"Move over, Randall Rader": scrap US Federal Court monopoly of patent cases, says judge
The excellent and ever-thoughtful Dan Bereskin QC (Bereskin Parr) has been the source of many an interesting insight from which this Kat has benefited over the years, so his emails are always welcome and eagerly devoured. Today's epistle was no exception, Dan having unearthed a somewhat unorthodox approach to the normally accepted view that specialist tribunals do better than random ones when it comes to hosting the sort of detailed specialist litigation which characterises patent suits. Writes Dan:
"Under a 1982 Act of Congress called the Federal Courts Improvement Act, the United States Federal Circuit was granted exclusive jurisdiction over patent appeals. The motive was to reduce the lack of uniformity and uncertainty of legal doctrine in relation to the administration of patent law. Uniformity is a coveted goal in many areas of the law, but what if the result is uniformly bad? In "Is It Time to Abolish the Federal Circuit’s Exclusive Jurisdiction in Patent Cases?", an insightful, carefully nuanced, and at times funny critique of the current system, Hon. Diane P. Wood (right), Chief Judge of the U.S. Court of Appeals for the 7th Circuit, argues that the Federal Circuit should no longer have exclusive jurisdiction over patent appeals. Instead, appellants should be able to choose between review in the Federal Circuit or in the regional circuit with jurisdiction over the district court from which the claim first was filed.Judge Wood’s speech was delivered as the keynote address at IIT Chicago-Kent College of Law on 26 September 2013 and can be downloaded in its entirety here.

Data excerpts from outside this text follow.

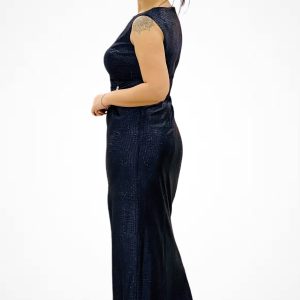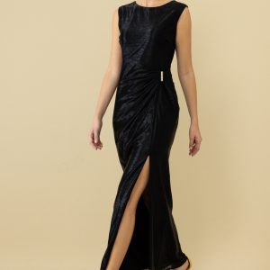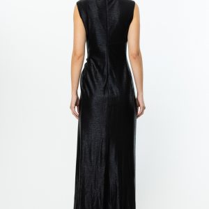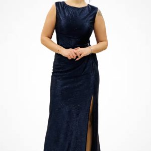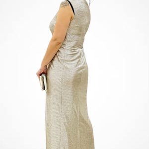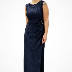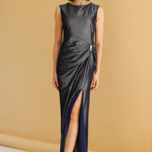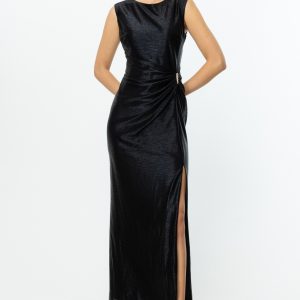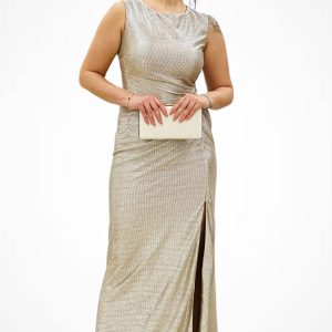EKOL Parlak Kumaş Maxi Boy Abiye Elbise 5092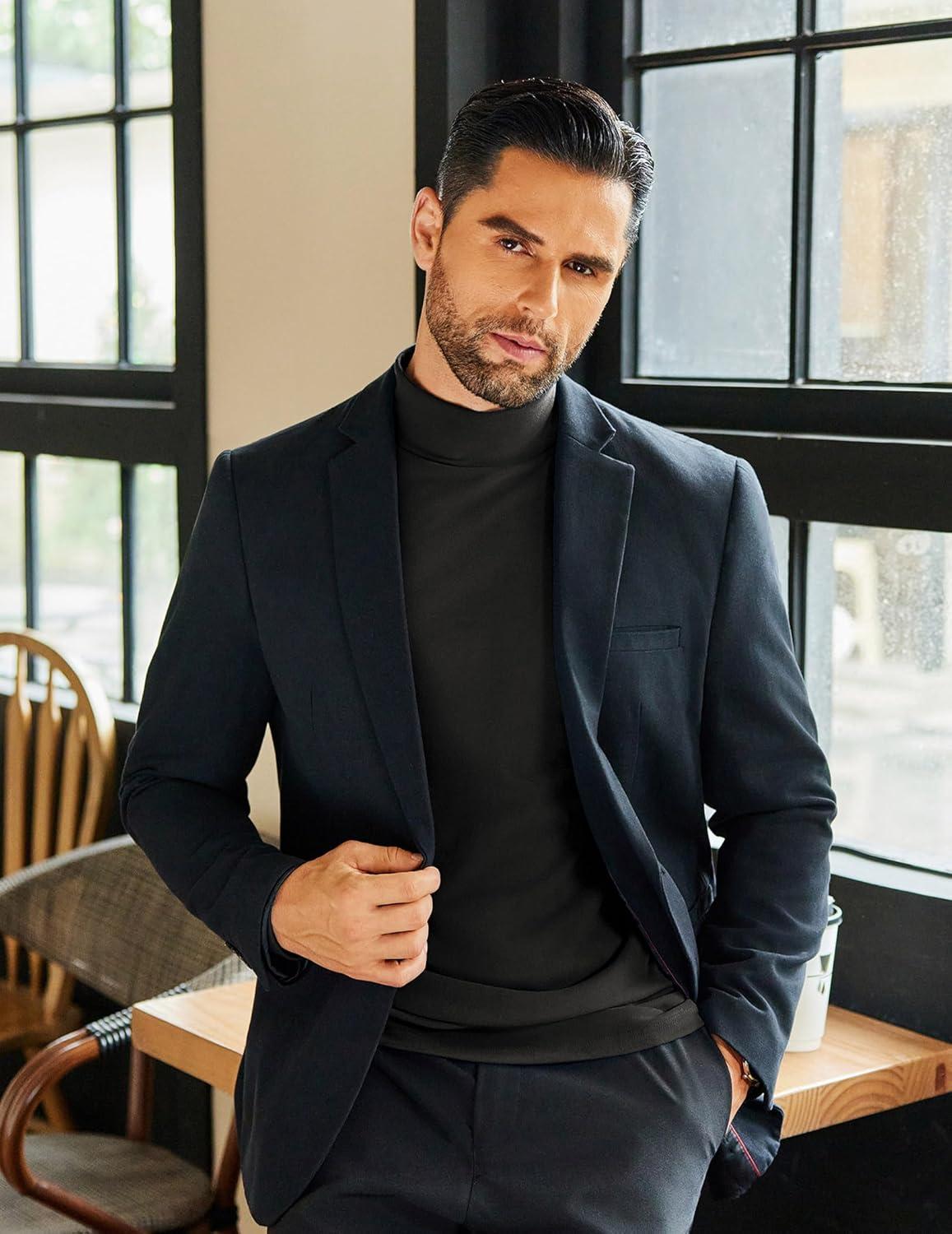 COOFANDY Mens Mock Neck Shirts Fleece Long Sleeve Tops Basic Pullover T-Shirts(2 Pcs-black/Brown)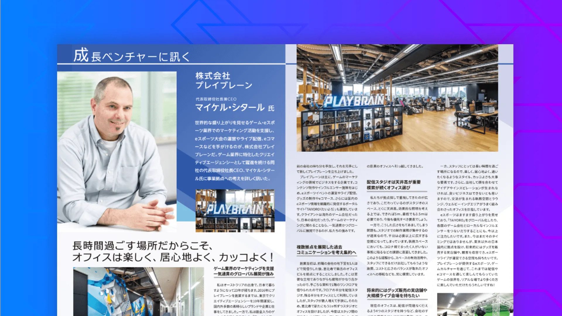 本記事では、プレイブレーンのオフィス環境へのこだわりや、今後の展望について語っています。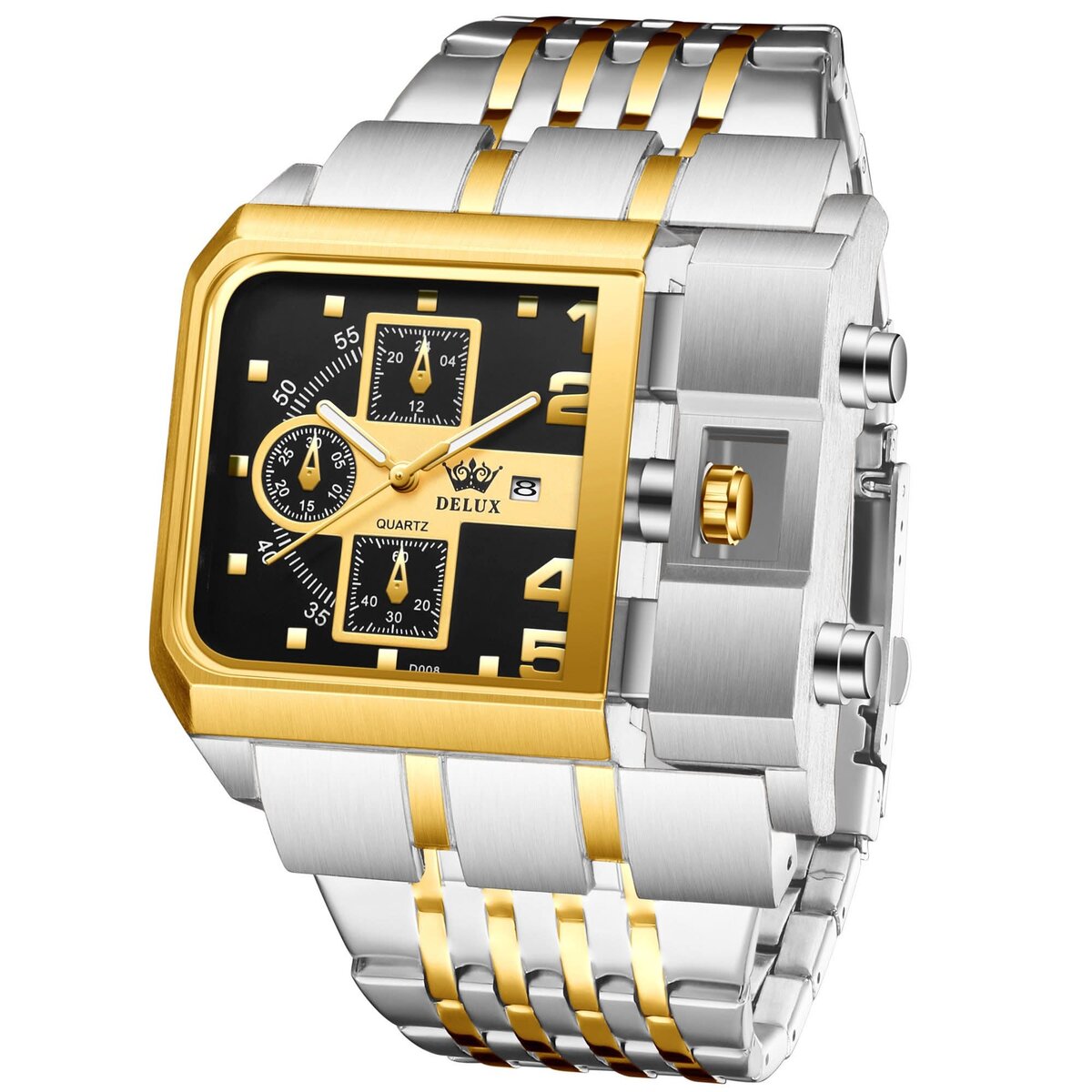 Découvrez l'élégance de cette montre pour homme en acier inoxydable. Dotée d'un cadran carré moderne, elle allie style et fonctionnalité grâce à son mouvement quartz précis. Parfait pour toutes les occasions, elle se distingue par son design raffiné avec détails dorés. Idéale pour l'homme moderne cherchant à marier sophistication et praticité.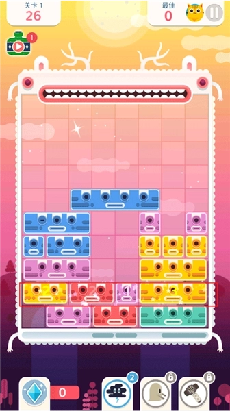 1、这款游戏的玩法十分简单,只需把上方的方块左右移动,让方块落到下方空缺之处,等填满整行后消除即可。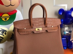 Hermès(爱马仕)Touch系列 Birkin 25cm 金棕色拼雾面棕色鳄鱼 金扣 顶级手缝 定制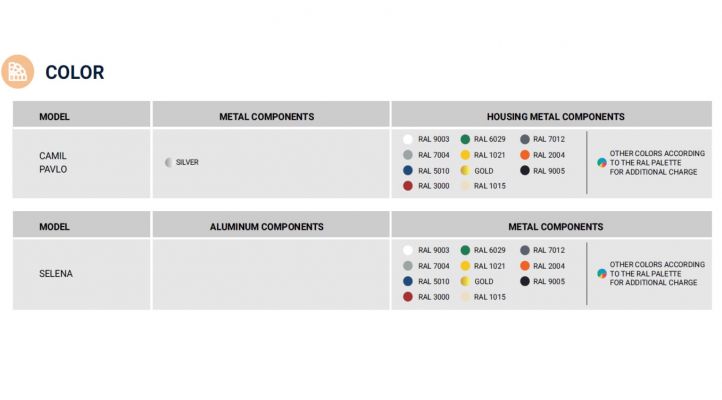 - Any colour of metal elements from RAL palette- Painting glass frame on silver or white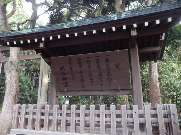 『定』の額に大正九年付で三つの約束事が書かれている。 一、車馬ヲ乗入レルコト 二、魚鳥ヲ捕ルコト 三、竹木ヲ伐ルコト 右境内ニ於テ禁止ス 大正九年十一月一日 明治神宮。 |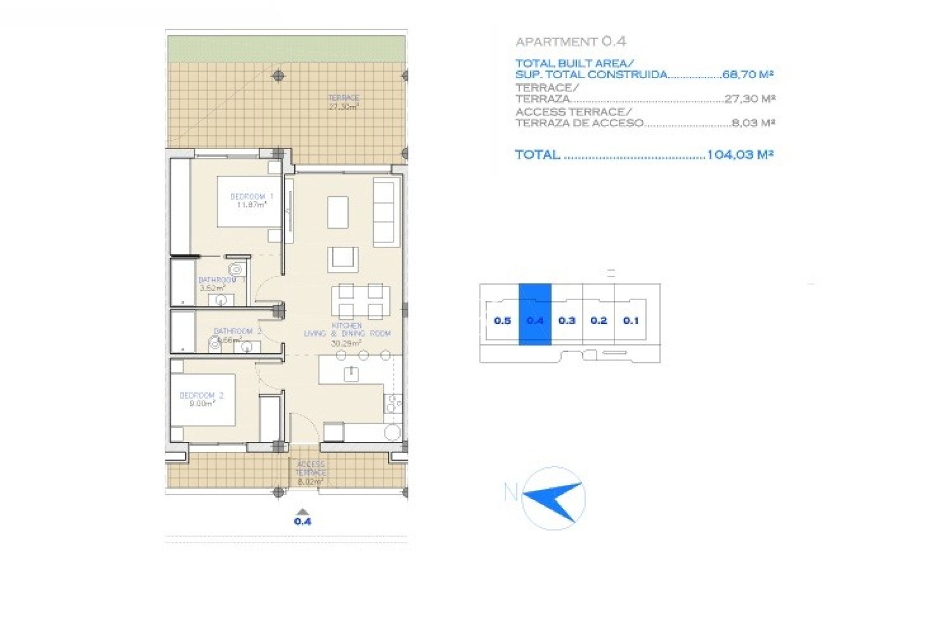 All apartments have: Video Intercom,TV and Internet RJ45 sockets in all the rooms and the living room, light points at the terrace and plot. The interior lighting, spotlight type, is included, except for the lamp in the living room. Exterior lighting is also included.Domestic hot water system aerotherm with a 110 liter accumulator.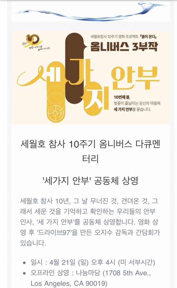 * 오프라인 상영 : 나눔마당 (1708 5th Ave., Los Angeles, CA 90019)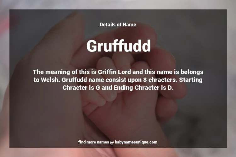 The name Gruffudd is chosen by those who are willing to find Unique Boy Baby Names. The meaning of this is Griffin Lord and this name is belongs to Welsh Origin. Baby Name Gruffudd consist upon 8 chracters. Starting alphabet is G and ending alphabet is D. This name is used primarily by parents who are considering unique baby names for Boy. The Zodiac Sign suitbale for this name are;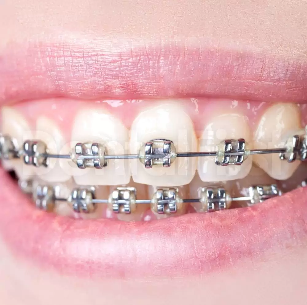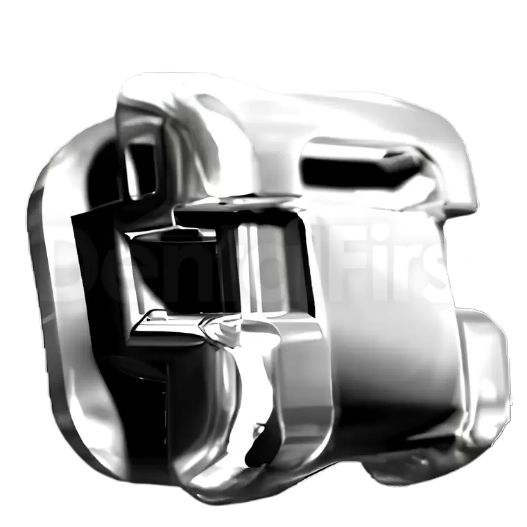Брекет-замочек снабжен закрывающимся пазом-клипсой, в котором находится металлическая дуга, лигатуры уже не нужны.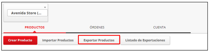 Primero, vamos a realizar una exportación de nuestro catálogo presionando el botón “Exportar Productos” en la pestaña de “Productos” de ShopAdmin.

Her critique is said to rely on “three of the leading legal thinkers of our times: the Dixie Chicks (left), Robin Thicke, and Burt Bacharach.” From the Dixie Chicks’ song “Wide Open Spaces” we learn that by providing “wide open spaces” to the adjudication of patent cases, new ideas would be encouraged to “percolate and grow”. Also from the same song, “She . . . needs room to make her big mistakes”. Judge Wood argues that “mistakes teach valuable lessons”, that “a proposition that seems obvious to one person might seem questionable to another, ambiguous to a third, and flatly wrong to a fourth.”
If on occasion mistakes are made, we can learn from them, and make the necessary repairs. This surely is better than perpetuating the same mistakes as a specialized court may be more likely to do, as evidenced perhaps by the current low standard of non-obviousness which has been said to impose “a heavy tax on invention and discourag[ing] entry into innovative enterprises” (citing Rochelle Cooper Dreyfuss, "In Search of Institutional Identity: The Federal Circuit Comes of Age", 23 BERKELEY TECH. L.J. 787, 796 (2008), quoting Rochelle Cooper Dreyfuss, "The Federal Circuit: A Case Study in Specialized Courts", 64 N.Y.U. L. REV. 1, 5 (1989)).
Judge Wood makes a powerful argument for allowing regional circuits to rule on patent appeals: her remarks are well worth careful consideration".